Listen to them. It may not interest you to hear about the minutiae of how the Imperial Guard field the best tanks, or how many species of elm there are, but this is important stuff to us and we just want to be able to share it. 
Autistic people will often have small coping strategies that are physical in nature, like twirling a pen, drumming with their hands, rubbing their feet together. The older we are the more subtle it will be. Do NOT comment on it as it'll make us feel silly. These movements are called 'stims' and they can keep us nicely grounded and calm. It's not that weird really - most people have go to tics and habits when nervous after all. Children may have quite obvious or 'odd' stims but give them a break!  Stims will be particularly useful over Christmas as it's so damnably stressful, so expect them and accept them. Same with comfort blankets and toys/trinkets. I usually have a lego minifigure in my pocket, for example. 
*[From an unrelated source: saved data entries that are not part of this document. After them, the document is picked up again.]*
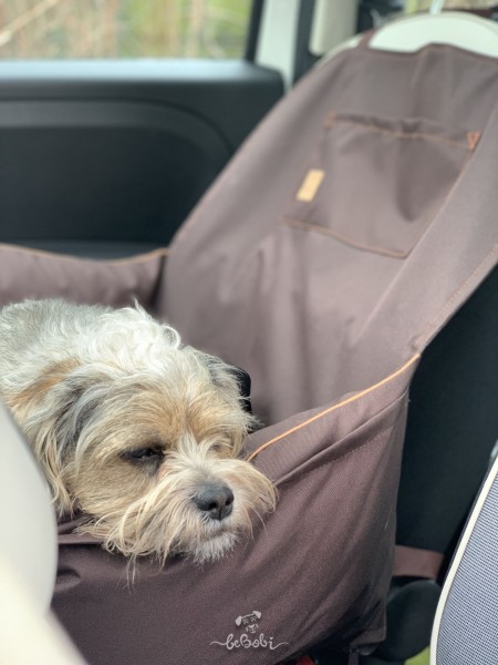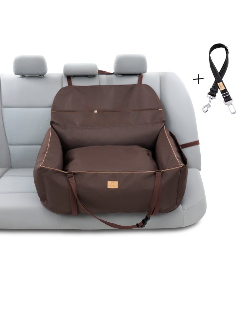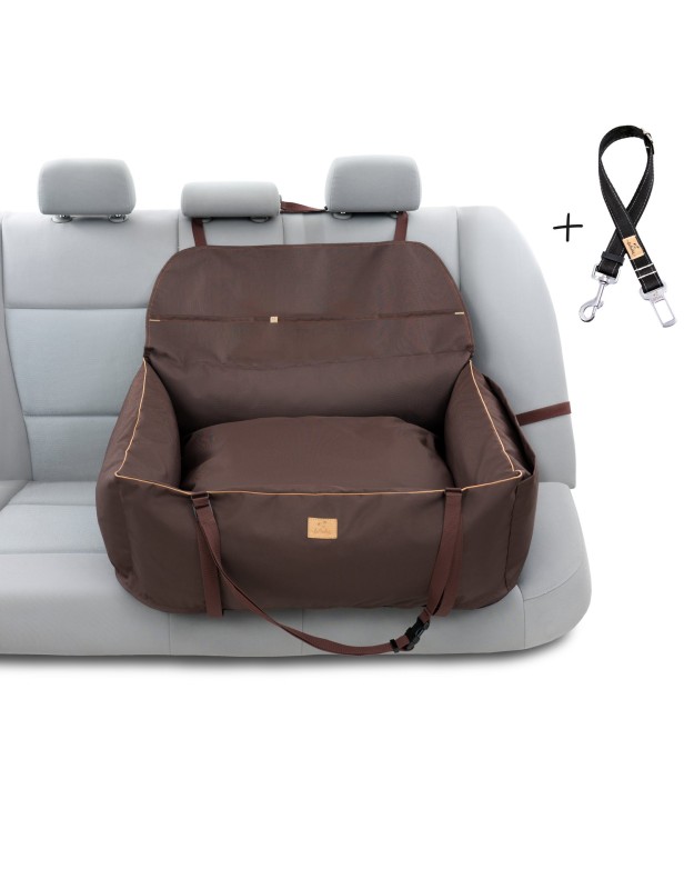 "Ero Soft" fotelik samochodowy dla psa BRĄZ roz. L Z PASEM BEZPIECZEŃSTWA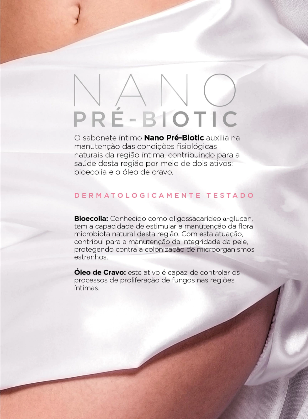 O Sabonete Íntimo Nano Pré-Biotic auxilia na manutenção das condições fisiológicas naturais da região íntima, contribuido para a saúde desta região por meio de dois ativos : bioecolia e o óleo de cravo.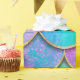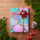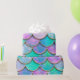 Mermaid fish scale wave japanese seamless pattern. Watercolor hand drawn teal purple golden background. Watercolour scales shaped texture. Paper cut style, 3d effect.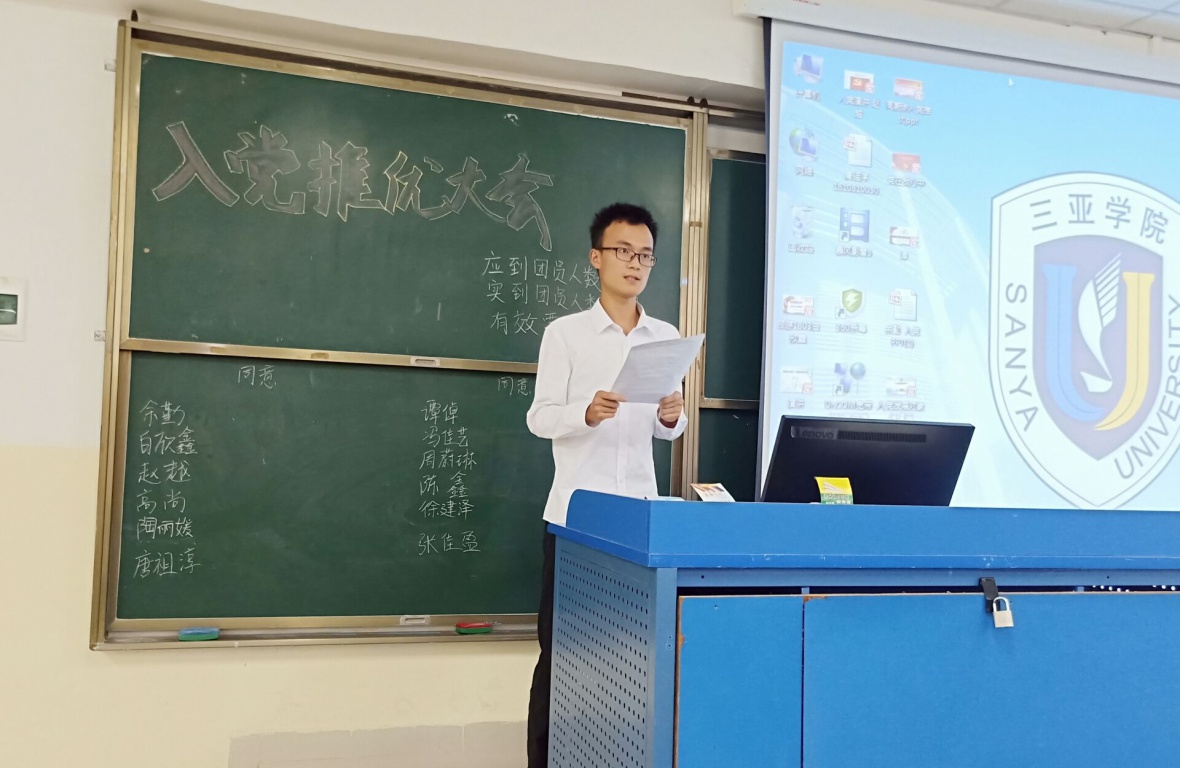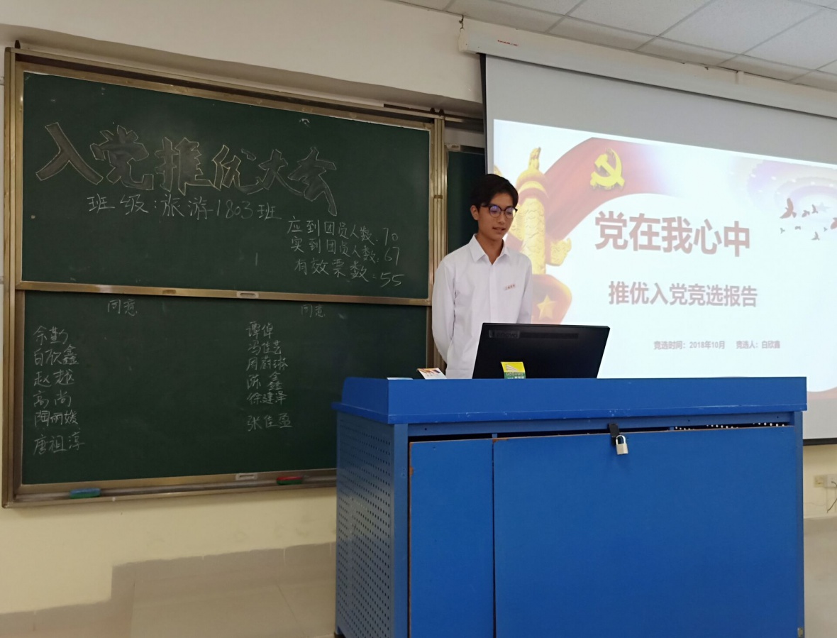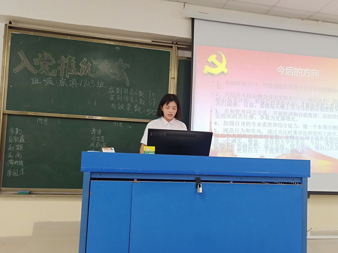 由我班团支书陈鑫主持推优大会开始,团委代表也在场监督以保证推优大会的顺利进行。先由团支书向大家讲解本次入党推优大会的流程和投票规则,紧接着递交入党申请书的团员依次上台演讲,表明了自己对党的认识和加入中国共产党的决心。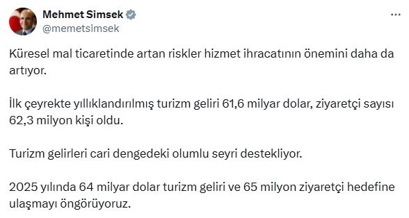 Hazine ve Maliye Bakanı Mehmet Şimşek, 1'inci çeyrek turizm geliri istatistiklerine ilişkin sosyal medya hesabından yaptığı açıklamada, "Küresel mal ticaretinde artan riskler hizmet ihracatının önemini daha da artıyor. İlk çeyrekte yıllıklandırılmış turizm geliri 61,6 milyar dolar, ziyaretçi sayısı 62,3 milyon kişi oldu. Turizm gelirleri cari dengedeki olumlu seyri destekliyor. 2025 yılında 64 milyar dolar turizm geliri ve 65 milyon ziyaretçi hedefine ulaşmayı öngörüyoruz" ifadelerini kullandı. (DHA)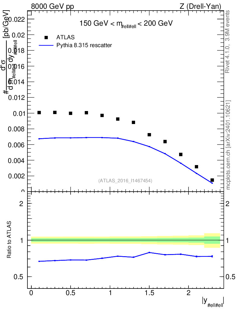 Lines: data, pythia8 8.315 rescatter |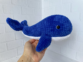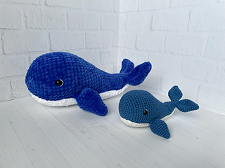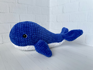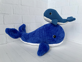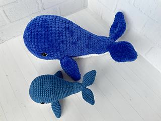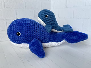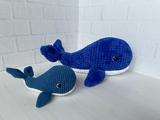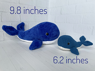 This crochet pattern includes instructions for making a whale approximately 25 cm (9.8 inches) long and 16 cm (6.2 inches) high.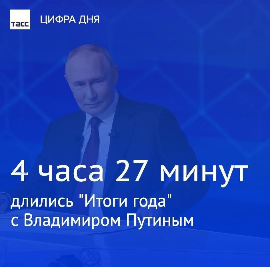 塔斯社:普京的“年度总结”直播连线时长为4小时27分钟,期间点评了逾70个议题。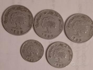 Tre monete da 5 millimes, Tunisia 1960. Una moneta da 2 millimes, Tunisia 1960. Una moneta da 1 millimes Tunisia 1960.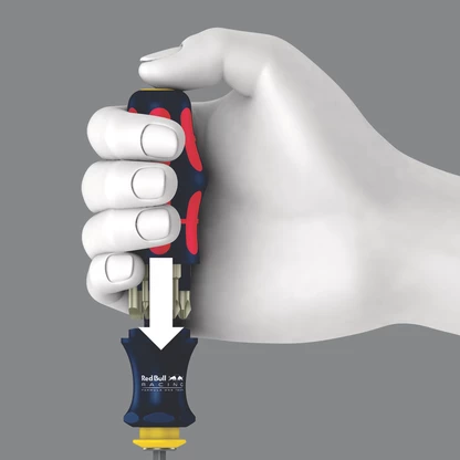 Indispensable for all motor sport fans with demands on high quality tools: The Red Bull Racing Compact Tool with 6 stainless steel screwdriving bits in the handle - made by Wera.The set allows both manual screwdriving operations as well as power tool applications. The bayonet blade that can be lowered into the handle with quick-release chuck enables screwdriving even in very confined working environments. Additionally, the blade can be removed and inserted in a cordless driver. Kraftform screwdriver handle: hard gripping zones for high working speeds, softer zones for high torque transfer.In a practical belt pouch in the Red Bull Racing design.The reverse of the box has a nonwoven surface and it also comes with a Velcro strip to affix the box to any surface.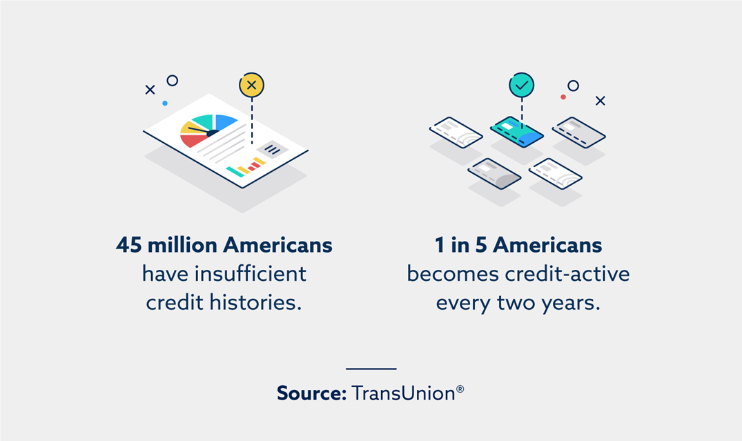 If you have an insufficient credit history, you are far from alone. TransUnion® reports that 45 million adults are essentially credit invisible, meaning they don’t have enough credit history to generate an accurate credit score. Only 20 percent of these adults become credit-active every two years.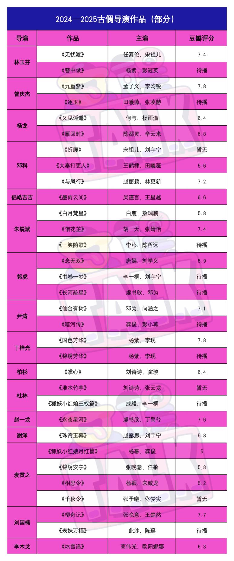 此外,《国色芳华》的导演丁梓光,依靠《墨雨云间》重返古偶赛道的侣皓吉吉也取得了不错的成绩。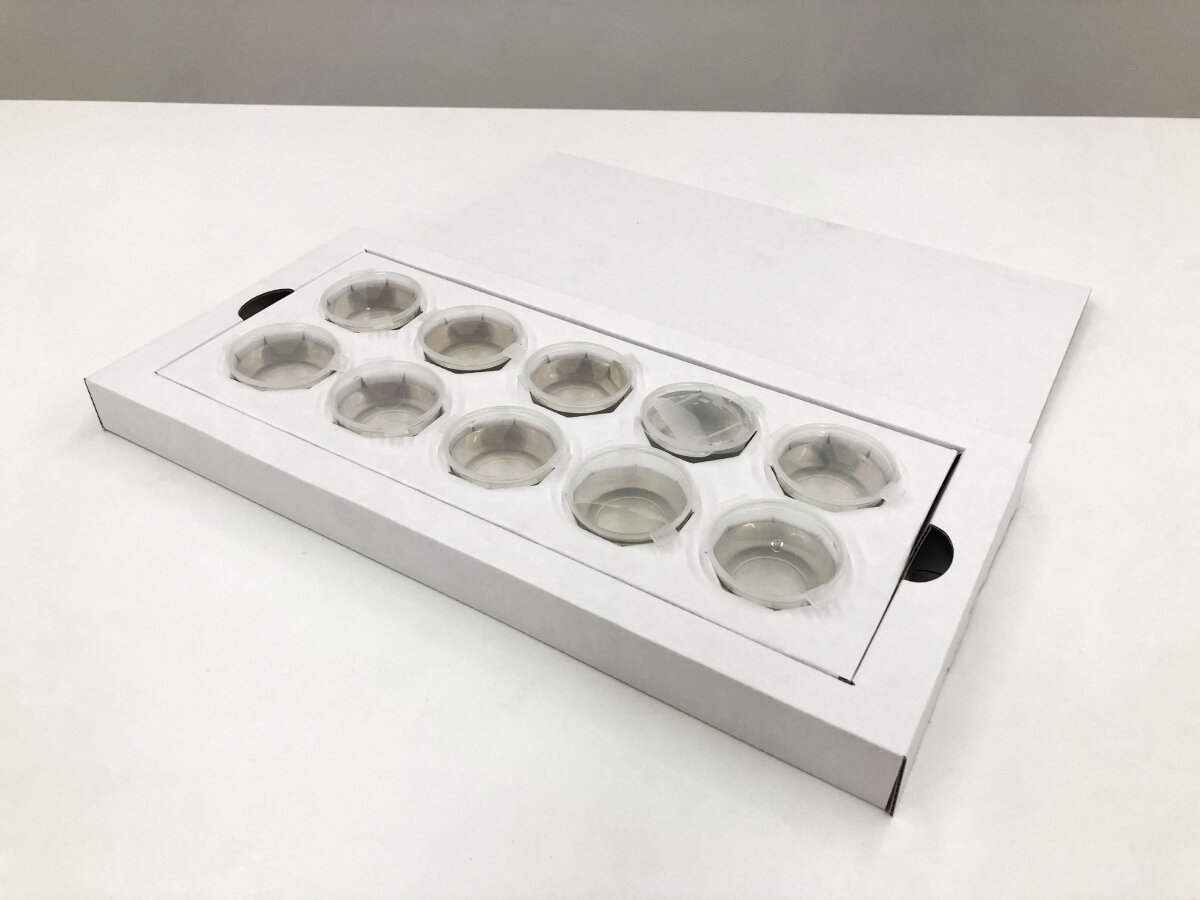 Лоток имеет полые стенки, которые выполняют роль амортизатора, нейтрализуя возможные во время дегустации вибрации. На торцах лотка находятся два отверстия под пальцы. Это необходимо для того, чтобы многократно извлекать содержимое.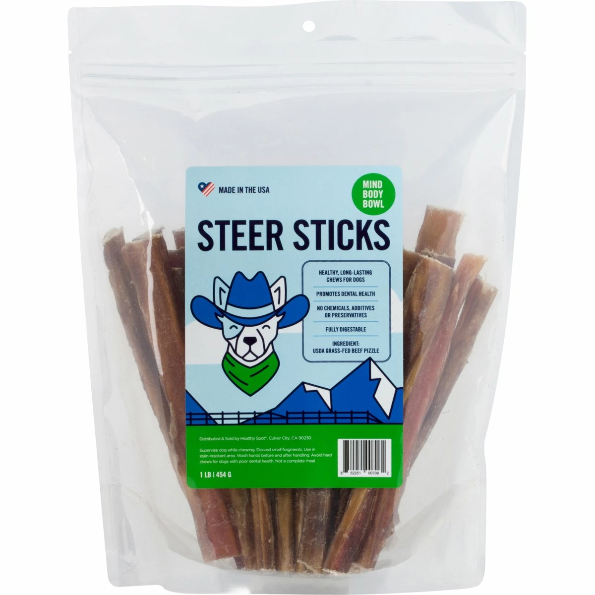 Steer Sticks are fun-sized Bully Sticks for smaller dogs! Also called chewy rolls, they are the one treat that almost every dog loves! When your dog chews on it, it releases endorphins which makes him happy. Plus, they’ll keep your puppy busy for a while. Healthy Spot Steer Sticks are hand-cleaned for minimal odor.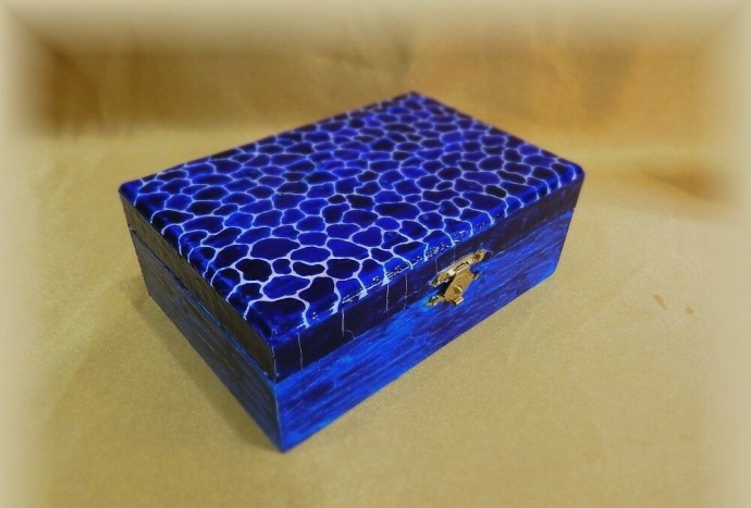 Jacarelado – модное направление в рукоделии. Перевод очень четко передает ощущения от взгляда на такие работы: необыкновенное нанесение красок при высыхании создает эффект кожи крокодила. А форма расположения капель краски – мозаичный рисунок.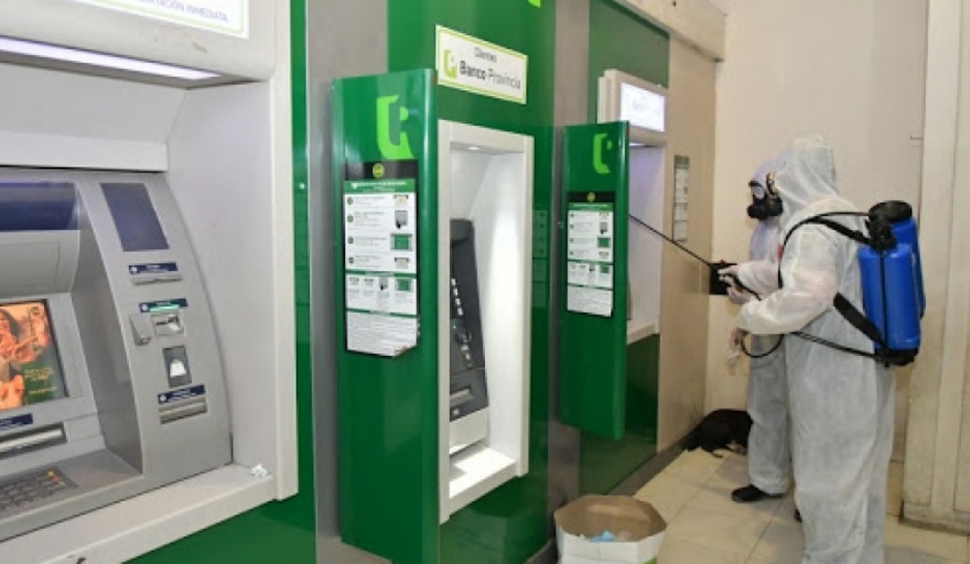 Las tareas de limpieza y esterilización de cajeros automáticos se llevaron a cabo en los dispositivos electrónicos ubicados en barrio Centro, Villa Vatteone (sobre calle Mainini), Km 26.700, Cruce Varela, y sobre av. Lujan.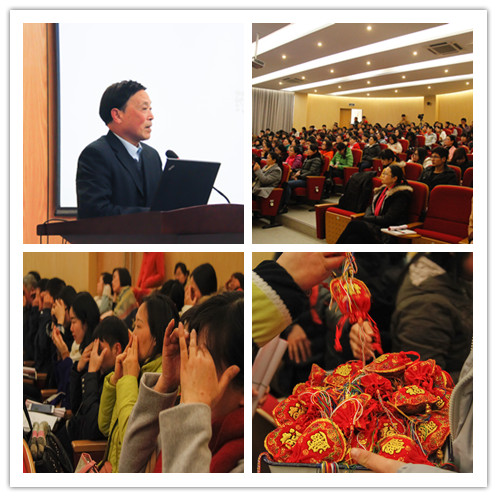 本网讯(通讯员:汪明天)为丰富教职员工的精神文化生活,增强健康保健意识,学会自我保健和健康养生的基本方法,2015年12月30日下午,校工会于学术报告厅成功举办养生保健讲座,讲座由药学院分工会承办。校长助理、工会主席王丽和150余名教职工一起参加了此次活动。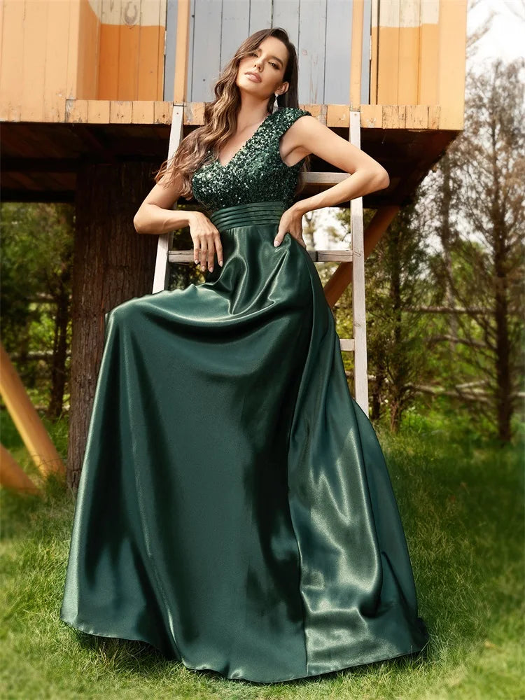 Turn heads with the Cap Sleeves V-Neckline Satin Sequin Bridesmaid Dress, a stunning floor-length gown designed for formal occasions like weddings, proms, and evening galas. Its rich emerald hue, combined with intricate sequin details, offers an eye-catching yet refined look perfect for special events.
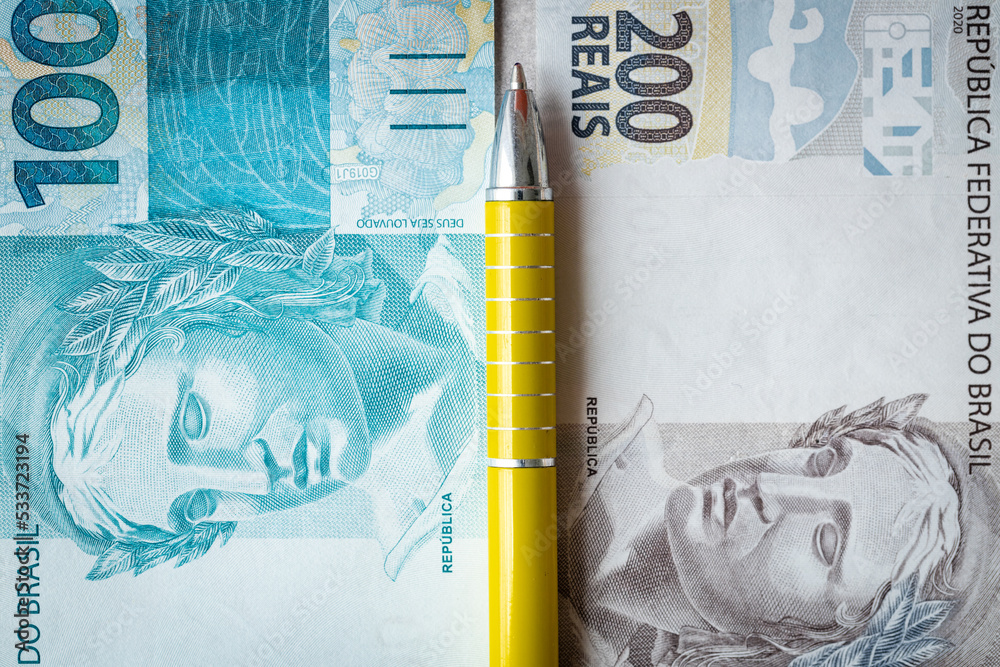 financial settlements in brazil, concept, 100 and 200 reais banknotes stacked nicely side by side, yellow pen in the center, close-up, top view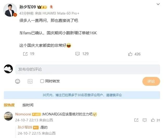 消息称国庆期间小鹏汽车新增订单破 1.6 万,MONA、G6 为主力车型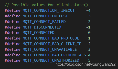 上图中的语句调用了PubSubClient的函数,如果成功,则返回0,也就是MQTT_CONNECTED,
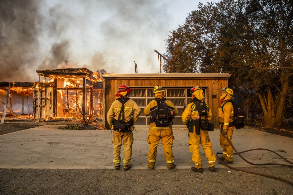 消防员在加利福尼亚州希尔兹堡的128号公路旁调查一处着火的房屋,时间是2019年10月。菲尔·帕切科/彭博社在加利福尼亚州的索诺玛县行驶,去年的火灾季节及之前的季节的残余是无法忽视的。黑ened的树木仍然沿着公路排列。一块标志,县内许多类似的标志之一,上面写着:“从灰烬中,我们将崛起。”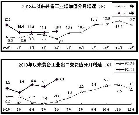 今年以来,装备工业生产和效益同步回升,提质增效升级步伐加快,运行态势良好。生产增势基本平稳。上半年,装备制造业完成增加值同比增长11.2%,增速同比加快2个百分点,其中,1-2月份增长12.7%,3、4、5三个月均增长10.4%,6月份增长10.7%。分行业看,汽车制造业、通用设备、专用设备制造业增加值同比分别增长13.4%、9.9%和8.6%,增速同比分别加快1.7个、0.7个和1.4个百分点,铁路、船舶、航空航天和其他运输设备制造业增长11.2%,加快9个百分点。出口好于去年同期。上半年,装备制造业完成出口交货值同比增长5.8%(去年同期同比下降2.9%),其中6月份增长9.3%(去年同期同比下降3.4%),在去年较低基数呈现恢复性增长态势。投资增长加快。上半年,装备制造业完成固定资产投资2.15万亿元,同比增长15.7%,增速同比提高2.1个百分点,占制造业固定资产投资比重的29.6%。效益水平继续提升。在汽车行业利润快速增长等拉动下,上半年,装备制造业实现利润总额7145亿元,增幅达20%。主营业务收入利润率为6.85%,同比提高0.49个百分点。结构调整和转型升级呈现积极变化。上半年,金属切削机床数控化率达到30.2%,同比提高3.5个百分点。节能环保设备生产增势良好,大气污染防治设备产量增长14.2%。我国自主设计研制并代表世界最高水平的±800KV直流输电换流变电器通过产品技术鉴定,±1100KV直流干式平波电器和1100KV交流变压器绝缘完成技术鉴定。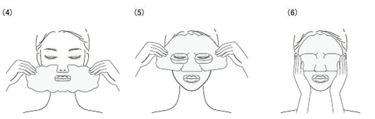 ● 下用のマスクを袋から取り出し、そっと広げて両端を持ち、口の位置を合わせます。フェースラインに沿って、こめかみに向かってフィットさせます。(イラスト(4))

It is possible that the extra people, lights, food, noises, expectations and lack of ability to use coping strategies will lead to burnout, or a meltdown. This is where our stalwart efforts to stay cool are overcome by stimuli, like Orcs at Helms Deep.  Everyone experiences this differently but a meltdown can be, for the person living it: terrifying, panicking, totally exhausting, embarrassing, even dangerous (think hurting yourself). It's bloody horrible.  For other people around a meltdown, it can be scary, upsetting and a real downer on the mood generally. But remember, it is WORSE for the person having the meltdown, so be kind and minimise their sense of embarrassment.